Вокруг уже собираются шакалы, грифы и вороны. Самые нетерпеливые из этих падальщиков торопят стаю, требуя, чтобы им уступили место. Шакал набирается наглости и кусает ребенка, за что получает по морде от первой самки вожака. Вместо того чтобы отскочить, он скалит клыки. В мире все так: никто не довольствуется своим местом, приходится постоянно показывать силу, чтобы добиться уважения. Побежденные животные сплошь и рядом забывают о понесенном поражении и пытаются возобладать над недавними победителями. Первая самка хватает камень и швыряет его в шакала. Только это заставляет его отбежать.

Кто не ждет разрешения, так это мухи. Они уже садятся на мясо, их гудение становится оглушительным.

Один ребенок, копаясь в груде внутренностей, натыкается на печень. Первая самка вожака стаи немедленно требует этот лакомый кусок себе.

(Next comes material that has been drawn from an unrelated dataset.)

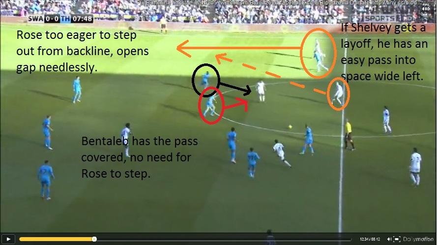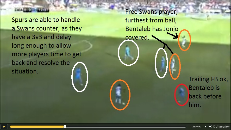 The problem lied in their lack of cover, not their willingness to get forward. Below, in a poor screenshot, we see Swansea on a three man break, that is matched by three Spurs covering in goal side positions and Walker trailing the play. Spurs resolve this situation and Swans are unable to create a chance from the break involving Bony and Shelvey, their most dangerous players on the day.

Существо недосягаемого ранга – то, которое может потребовать себе печень убитого животного, и никто не смеет ему перечить.

Печень сожрана, теперь челюсти начинают двигаться менее жадно. Наслаждение едой позади. Толстая кишка издает слишком сильный запах и способна привлечь разве что доминируемых.

Сытая стая рассыпается, продолжая шумно жевать. Жевание – важный вид деятельности. Те, кто плохо жует, часто заболевают. ОН однажды видел смерть ребенка, попытавшегося в один присест проглотить нос жирафа.

Молодо-зелено!

14. Мышь и слон

Лукреция Немрод отправила в рот толстую черную пластинку жвачки с лакрицей и глотнула холодного воздуху. Самое то, чтобы успокоить нервишки. Только после этого она ударила кулаком в тяжелую стальную дверь водокачки – жилища Исидора Каценберга.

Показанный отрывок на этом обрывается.